Reference numeral 19 represents a rectangular block having front and back faces and a T-shaped groove 19a therebetween, corresponding to the above-mentioned T-shaped top end portion 9d of the spool 9. The spool 9 is connected to the block 19 by having the T-shaped top end portion 9d disposed in the T-shaped groove 19a. The block 19 has a front blocking plate 25 and a back blocking plate 29, which are secured to its front and back faces by a butterfly screw 24 and a bolt 30, respectively.

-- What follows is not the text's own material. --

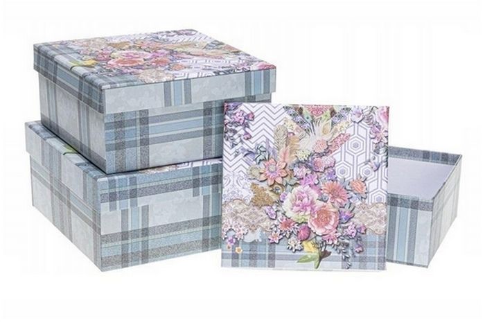 Stylová sada dárkových krabiček s jemným květinovým motivem v kombinaci s geometrickými vzory a modrým kostkovaným podkladem. Skvělé pro balení elegantních dárků, dekoraci interiéru nebo uskladnění drobností.

The front blocking plate 25 is designed so as to be a rotary lever pivoted on the front face of the block. When this plate 25 is in the vertical state, its lower end comes into contact with the front face of the top end portion of the spool 9. Thus, in this case, the spool 9 is not prevented from detaching from the T-shaped groove 19a. When the plate 25 is in the horizontal state, the spool 9 is removable from the block.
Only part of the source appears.